Downloader Middlewares( Download Middleware ): Think of it as a component that you can customize to extend the download functionality .
Spider Middlewares(Spider middleware ): You can understand it as a custom extension and operation engine and Spider Functional components of intermediate communication ( Such as into the Spider Of Responses; And from the Spider Out of the Requests)
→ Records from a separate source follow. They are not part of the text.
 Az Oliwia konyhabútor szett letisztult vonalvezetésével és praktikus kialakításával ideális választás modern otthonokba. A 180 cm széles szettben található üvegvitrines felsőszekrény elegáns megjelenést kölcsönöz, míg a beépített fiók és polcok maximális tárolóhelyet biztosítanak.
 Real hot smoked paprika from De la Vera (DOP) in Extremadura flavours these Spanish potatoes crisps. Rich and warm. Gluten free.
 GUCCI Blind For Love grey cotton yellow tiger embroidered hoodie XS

Make Scrapy Reptiles Total needs 4 Step :
1、 New projects (scrapy startproject xxx): Create a new crawler project
2、 Clear objectives ( To write items.py): Identify the goals you want to capture
3、 Making reptiles (spiders/xxspider.py): Make a crawler to start crawling the web
4、 Store content (pipelines.py): Design pipeline to store crawling content
Before you start crawling , You have to create a new Scrapy project . Enter the custom project directory , Run the following command :
scrapy startproject mySpider
among , mySpider Is the project name , As you can see, it's going to create a mySpider Folder , The directory structure is roughly as follows :
mySpider/
scrapy.cfg
mySpider/
__init__.py
items.py
pipelines.py
settings.py
spiders/
__init__.py
...
Let's briefly introduce the functions of each main file :
scrapy.cfg: The configuration file for the project .
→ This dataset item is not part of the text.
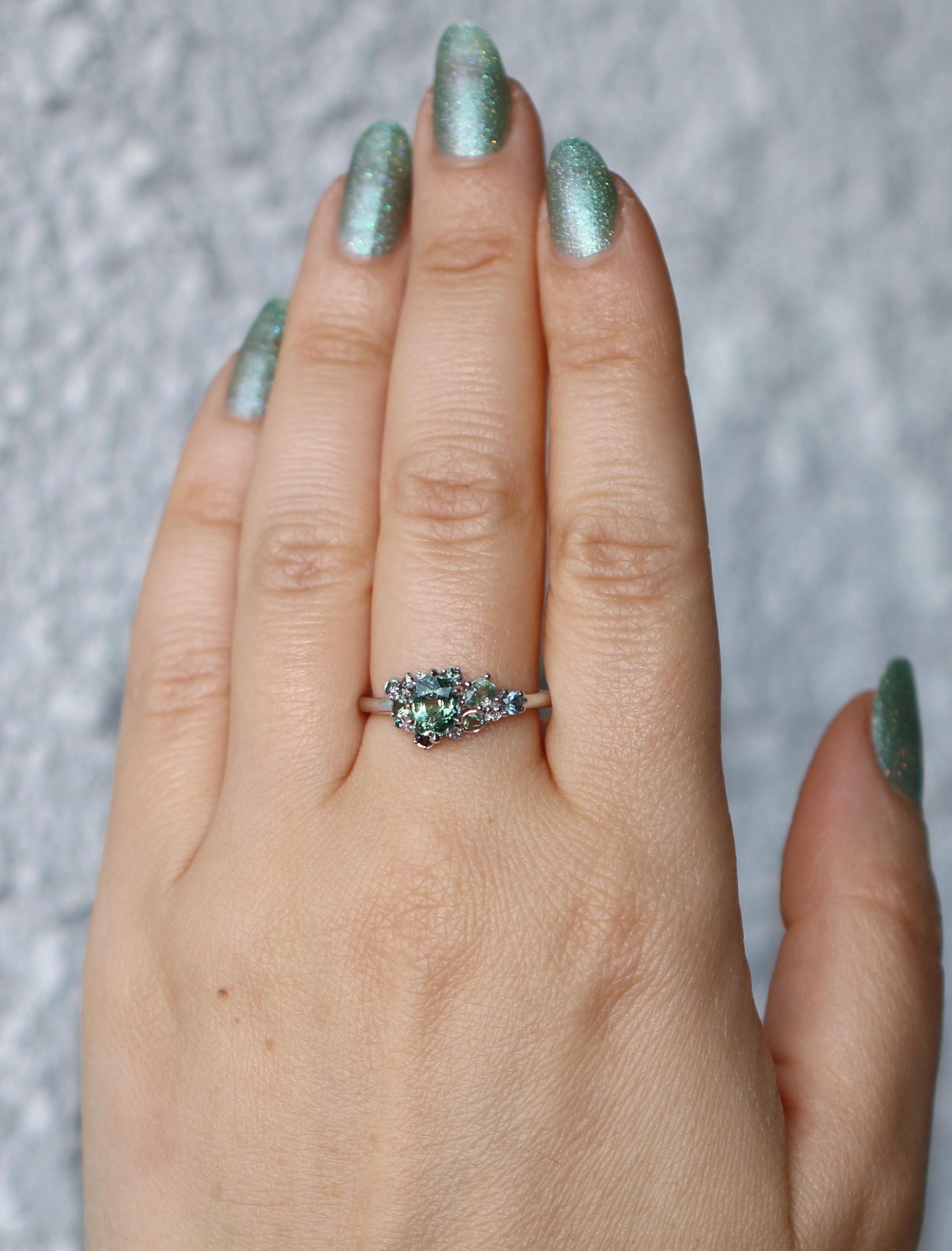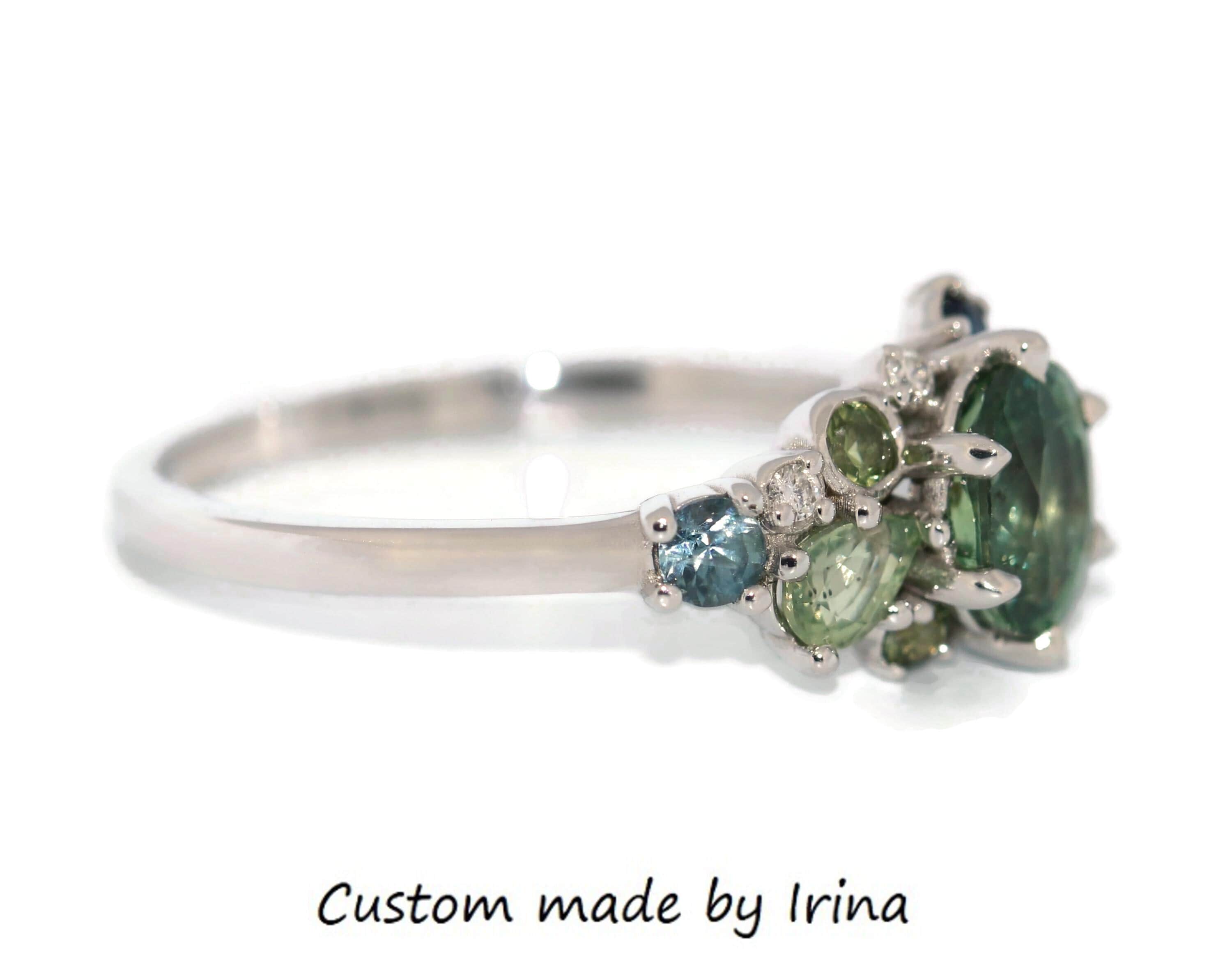 Custom Made Teal Blue Green 1.3 ct Oval Sapphire Cluster Ombre Ring.

mySpider/: Project Python modular , The code will be referenced from here .
mySpider/items.py: The project's target file .
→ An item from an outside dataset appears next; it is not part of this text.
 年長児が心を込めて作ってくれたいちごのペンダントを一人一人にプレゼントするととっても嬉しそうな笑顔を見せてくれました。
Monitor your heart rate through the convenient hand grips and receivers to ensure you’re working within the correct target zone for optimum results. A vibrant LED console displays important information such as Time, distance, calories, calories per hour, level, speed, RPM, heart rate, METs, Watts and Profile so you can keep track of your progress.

mySpider/pipelines.py: Pipeline files for the project .
mySpider/settings.py: The setup file for the project .
mySpider/spiders/: Store crawler code directory .
We're going to grab it http://www.itcast.cn/channel/teacher.shtml Names of all lecturers on the website 、 Title and personal information .
open mySpider In the catalog items.py.
Item Define structured data fields , Used to save crawled data , It's kind of like Python Medium dict, But it provides some extra protection to reduce errors .
You can do this by creating a scrapy.Item class , And the definition type is scrapy.Field Class property to define a Item( It can be understood as similar to ORM The mapping relation of ).
Next , Create a ItcastItem class , And build item Model (model).
import scrapy
class ItcastItem(scrapy.Item):
name = scrapy.Field()
title = scrapy.Field()
info = scrapy.Field()
The crawler function is divided into two steps :
Enter a command in the current directory , Will be in mySpider/spider Create a directory called itcast The reptiles of , And specify the scope of the crawl domain :
scrapy genspider itcast "itcast.cn"
open mySpider/spider In the directory itcast.py, The following code has been added by default :
import scrapy
class ItcastSpider(scrapy.Spider):
name = "itcast"
allowed_domains = ["itcast.cn"]
start_urls = (
'http://www.itcast.cn/',
)
def parse(self, response):
pass
In fact, it can also be created by ourselves itcast.py And write the above code , But using commands can save you the trouble of writing fixed code
To build a Spider, You have to use scrapy.Spider Class creates a subclass , And three mandatory properties are determined and One way .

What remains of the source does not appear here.